Corriere della Sera, 28 luglio 2024
Intervista a mister kwong
Mister Kwong era entrato in città con tre squilli di tromba: acquisizione di Palazzo Donà, acquisizione di Palazzo Papadopoli e il grande progetto sull’area selvaggia dei Pili fra terra e laguna di proprietà del sindaco Luigi Brugnaro. Solo la terza operazione, quella che avrebbe fatto dei Pili un’area edificata alle porte di Venezia, non è andata a segno. Ma per il magnate di Singapore Ching Chiat Kwong, che Forbes colloca fra gli uomini d’affari più influenti d’Oriente, si poteva comunque parlare di successo. E, vista l’accoglienza dalle parti del Comune, mai si sarebbe aspettato di ritrovarsi un giorno indagato per corruzione. Fondatore di un impero immobiliare di dimensioni mondiali che fattura oltre mezzo miliardo di dollari l’anno, Kwong ha deciso di uscire allo scoperto e dire la sua su questa storia di tangenti che lo tocca da vicino e sta terremotando Venezia. Il tycoon asiatico parla dal suo quartier generale di Singapore.
Mister Kwong, cosa pensa dell’indagine della Procura di Venezia?
«Sono attonito. Non ho mai commesso nulla di illegale nella mia vita».
L’accusa più grave è di aver tentato di corrompere il sindaco Brugnaro nell’operazione dei Pili: prima 85 e poi 150 milioni offerti per l’acquisizione dell’area in cambio della promessa di far approvare dal Comune il progetto edilizio che avrebbe presentato una sua società e del raddoppio dell’edificabilità. Come si difende?
«Io non ho mai tentato di corrompere nessuno. Sono una persona rispettata a livello internazionale e sull’onestà ho costruito il mio successo. Mi fu proposto di incontrare il sindaco perché vi erano delle possibilità di investimento a Venezia. Tra quelle che mi vennero presentate, la più interessante era quella alle porte della città perché molto simile all’operazione Royal Wharf che avevo in corso a Londra. Avevo provato a comprendere se vi fossero le condizioni per una joint venture».
Perché non se ne fece nulla?
«I potenziali costi e ricavi che venivano via via ipotizzati in quel periodo (era il 2017, ndr) non hanno superato la fase preliminare, tanto che non è mai stata avviata una vera e propria trattativa con la proprietà, né è stato dato un incarico progettuale: semplicemente l’operazione non era compatibile con il nostro modello di business e nessuno era in grado di stimare l’impatto delle bonifiche dei terreni sui costi e sui progetti».
La Procura contesta anche una tangente all’assessore Boraso per ribassare il prezzo di palazzo Papadopoli.
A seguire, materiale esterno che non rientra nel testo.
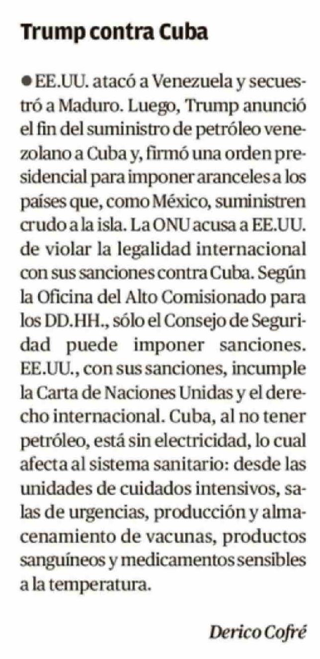 Cartas: Trump contra Cuba 17-02-2026 El Llanquihue |

«Non so chi sia l’assessore Boraso, non l’ho mai incontrato né mai ne avevo sentito parlare. Certamente non ho pagato o dato istruzioni di pagare questo signore. Guardi, in tutto il mondo il prezzo di un bene immobile lo fa il mercato. Palazzo Papadopoli era stato precedentemente messo in vendita dal Comune di Venezia a 14 milioni e nessuno aveva partecipato all’asta. Io ho presentato un’offerta per farne partire una nuova: se fosse stato davvero un affare ci sarebbero stati molti partecipanti, invece nessun investitore ha ritenuto conveniente fare un’offerta. Altro che sconto!».
Il grande accusatore è Claudio Vanin, un imprenditore che collaborava con il suo gruppo e dirige una società di progettazione di grandi impianti. È considerato attendibile dai magistrati. Perché avrebbe raccontato il falso?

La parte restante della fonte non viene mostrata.